_Problem details:_
Would you print the lines below exactly, beginning at the line that has "museum hall with" and stopping after the line that has "Dále se v bytě"? Only those lines, and no pictures.

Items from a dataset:
--*--
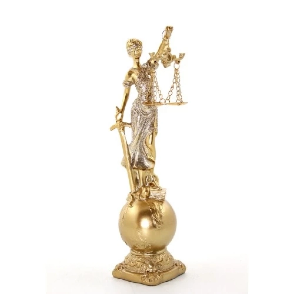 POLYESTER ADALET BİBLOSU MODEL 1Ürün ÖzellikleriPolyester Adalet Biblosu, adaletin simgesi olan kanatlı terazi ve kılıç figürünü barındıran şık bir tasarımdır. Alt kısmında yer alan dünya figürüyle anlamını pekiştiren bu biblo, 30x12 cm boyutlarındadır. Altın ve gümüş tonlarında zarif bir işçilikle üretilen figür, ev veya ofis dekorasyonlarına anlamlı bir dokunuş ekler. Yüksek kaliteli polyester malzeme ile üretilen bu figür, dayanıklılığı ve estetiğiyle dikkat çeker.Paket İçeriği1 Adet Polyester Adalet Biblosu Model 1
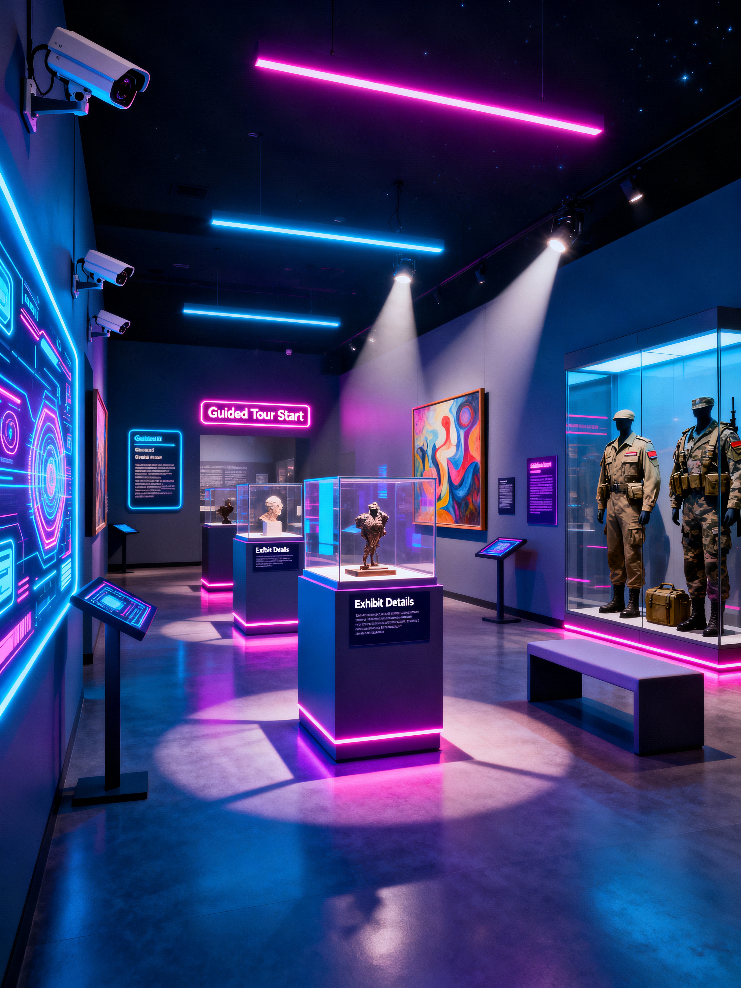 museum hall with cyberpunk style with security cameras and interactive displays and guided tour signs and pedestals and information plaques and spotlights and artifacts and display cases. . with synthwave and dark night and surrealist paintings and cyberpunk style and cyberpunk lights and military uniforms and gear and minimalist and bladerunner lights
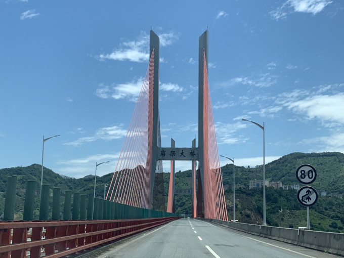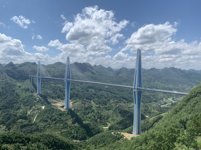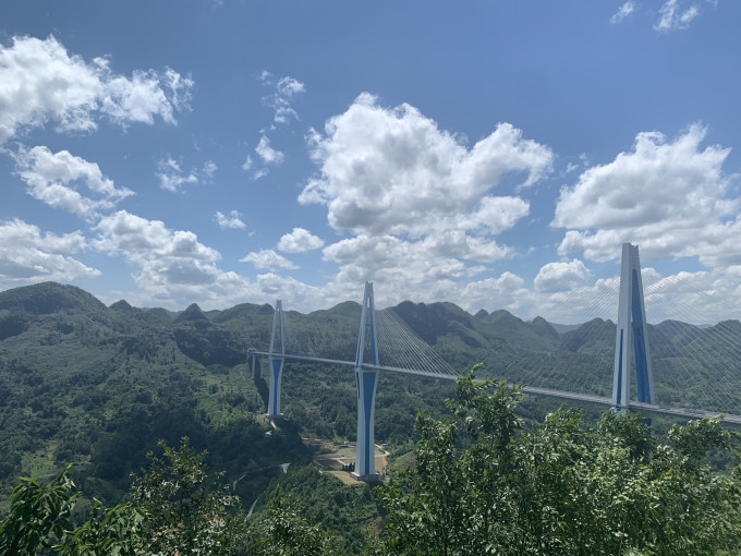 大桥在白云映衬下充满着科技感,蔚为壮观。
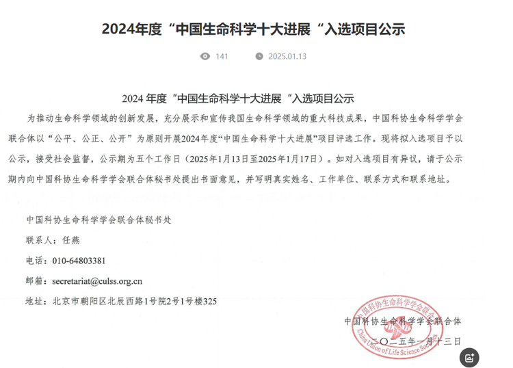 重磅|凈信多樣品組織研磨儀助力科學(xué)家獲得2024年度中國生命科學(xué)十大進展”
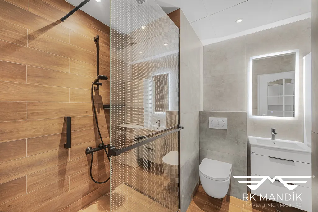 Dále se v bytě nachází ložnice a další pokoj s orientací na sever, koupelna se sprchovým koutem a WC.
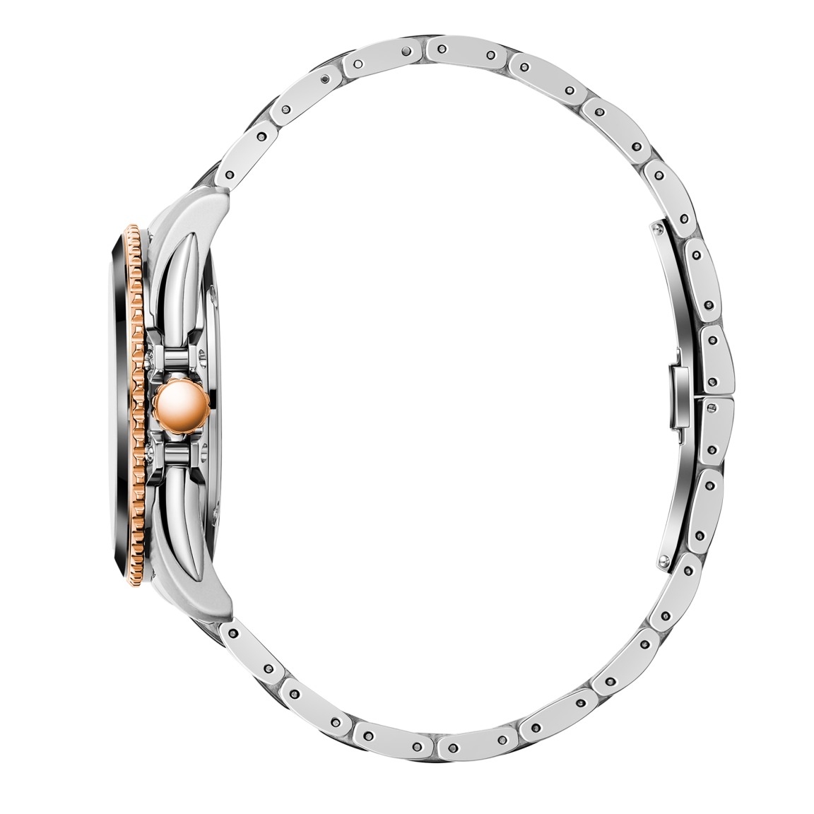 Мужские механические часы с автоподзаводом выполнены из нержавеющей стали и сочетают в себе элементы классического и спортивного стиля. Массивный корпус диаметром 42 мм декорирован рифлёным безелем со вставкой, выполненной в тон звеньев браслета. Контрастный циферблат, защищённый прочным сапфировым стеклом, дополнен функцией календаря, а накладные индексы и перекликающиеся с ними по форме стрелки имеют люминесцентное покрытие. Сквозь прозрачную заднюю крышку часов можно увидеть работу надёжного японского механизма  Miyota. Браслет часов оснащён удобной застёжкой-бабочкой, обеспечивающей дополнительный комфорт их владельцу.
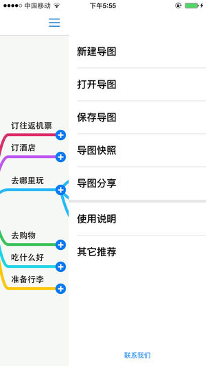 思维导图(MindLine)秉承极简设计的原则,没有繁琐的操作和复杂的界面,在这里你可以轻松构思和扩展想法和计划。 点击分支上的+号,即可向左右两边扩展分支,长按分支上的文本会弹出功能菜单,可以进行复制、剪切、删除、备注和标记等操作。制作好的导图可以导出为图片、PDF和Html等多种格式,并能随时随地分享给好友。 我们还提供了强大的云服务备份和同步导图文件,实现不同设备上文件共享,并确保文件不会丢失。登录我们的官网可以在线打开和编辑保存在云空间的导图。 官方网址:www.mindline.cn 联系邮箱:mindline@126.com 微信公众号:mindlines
--*--
_Answer for this exercise:_
 museum hall with cyberpunk style with security cameras and interactive displays and guided tour signs and pedestals and information plaques and spotlights and artifacts and display cases. . with synthwave and dark night and surrealist paintings and cyberpunk style and cyberpunk lights and military uniforms and gear and minimalist and bladerunner lights
 大桥在白云映衬下充满着科技感,蔚为壮观。
 重磅|凈信多樣品組織研磨儀助力科學(xué)家獲得2024年度中國生命科學(xué)十大進展”
 Dále se v bytě nachází ložnice a další pokoj s orientací na sever, koupelna se sprchovým koutem a WC.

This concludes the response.